┌─ SOURCE MATERIAL

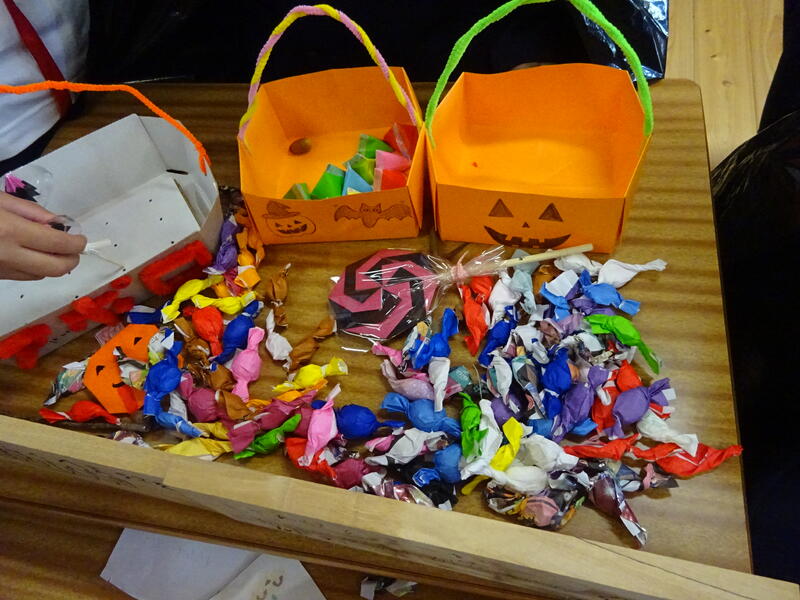 また、学活では「ハロウィンパーティーをしよう」ということで、お店屋さん風にしてみんなでどんぐりごまや松ぼっくりのけん玉ゲームを楽しむとか、「Trick or Treat」ではなく、自分たちで紙で作ったお菓子を交換したり、日頃お世話になっている先生方に手紙とお菓子を一緒に渡すとかの計画を立て、パーティー当日に向けて準備をがんばってきました。
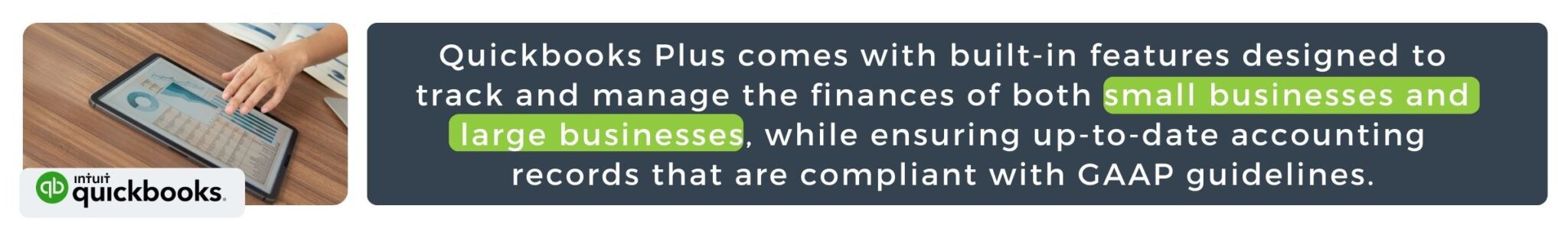 Quickbooks Plus is a comprehensive accounting software for small businesses. It comes with built-in features designed to track and manage the finances of both small businesses and large businesses, while ensuring accurate and up-to-date accounting and bookkeeping records that are compliant with GAAP and IRS requirements.
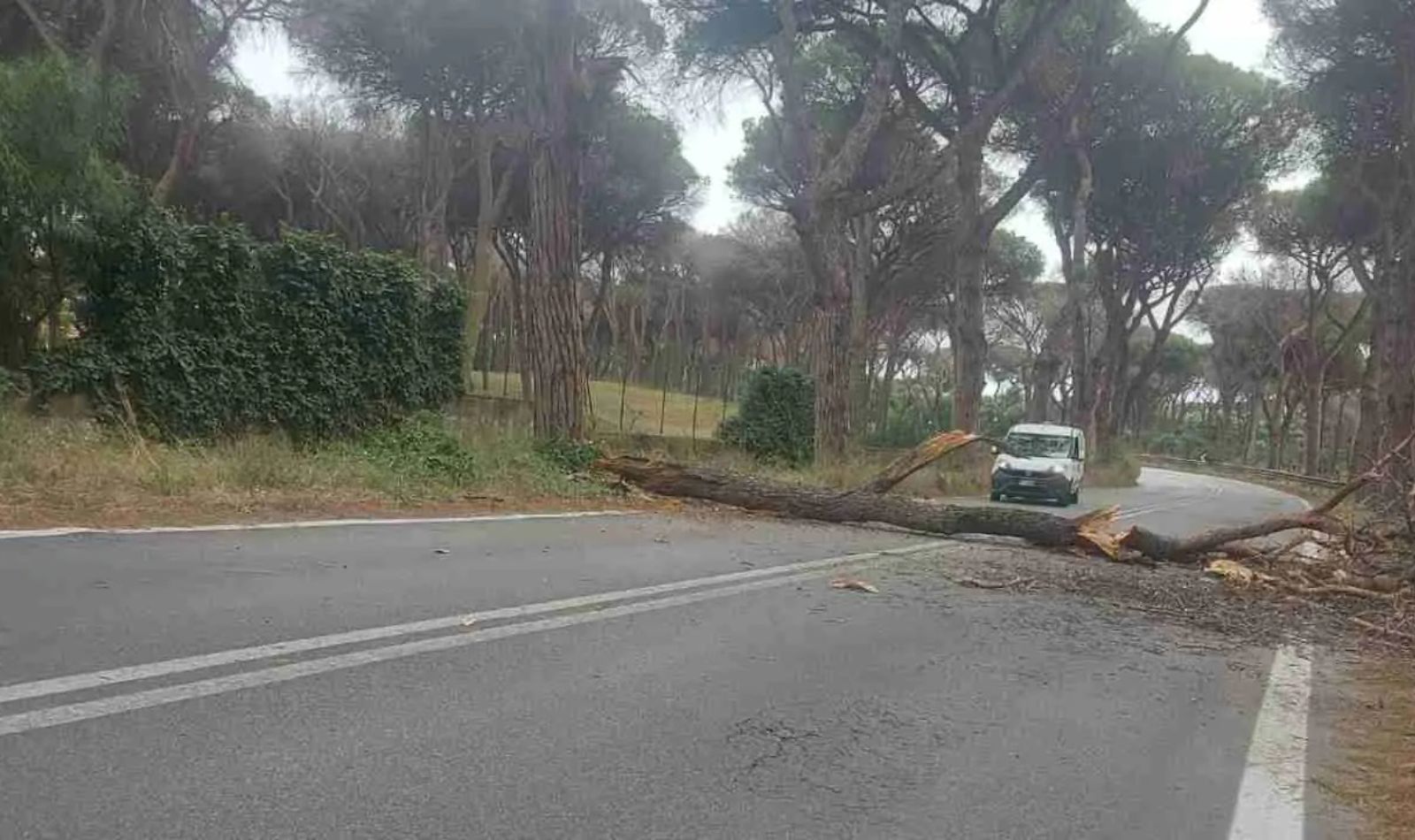 Ostia, cade un grosso ramo in via di Castel Fusano: strada chiusa
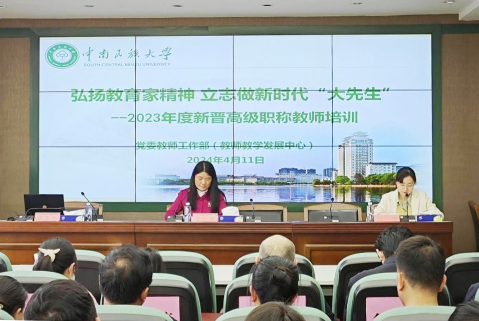 4月11日下午,學(xué)校在學(xué)術(shù)交流中心舉辦“弘揚教育家精神 立志做新時代‘大先生’”2023年度新晉高級職稱教師培訓(xùn)會。40余位新晉高級職稱教師參加了培訓(xùn),校黨委常委、副校長李紅燕出席會議。培訓(xùn)會由黨委教師工作部部長江瑩主持。

└─

Set the data above down again exactly as given, with no pictures.

 また、学活では「ハロウィンパーティーをしよう」ということで、お店屋さん風にしてみんなでどんぐりごまや松ぼっくりのけん玉ゲームを楽しむとか、「Trick or Treat」ではなく、自分たちで紙で作ったお菓子を交換したり、日頃お世話になっている先生方に手紙とお菓子を一緒に渡すとかの計画を立て、パーティー当日に向けて準備をがんばってきました。
 Quickbooks Plus is a comprehensive accounting software for small businesses. It comes with built-in features designed to track and manage the finances of both small businesses and large businesses, while ensuring accurate and up-to-date accounting and bookkeeping records that are compliant with GAAP and IRS requirements.
 Ostia, cade un grosso ramo in via di Castel Fusano: strada chiusa
 4月11日下午,學(xué)校在學(xué)術(shù)交流中心舉辦“弘揚教育家精神 立志做新時代‘大先生’”2023年度新晉高級職稱教師培訓(xùn)會。40余位新晉高級職稱教師參加了培訓(xùn),校黨委常委、副校長李紅燕出席會議。培訓(xùn)會由黨委教師工作部部長江瑩主持。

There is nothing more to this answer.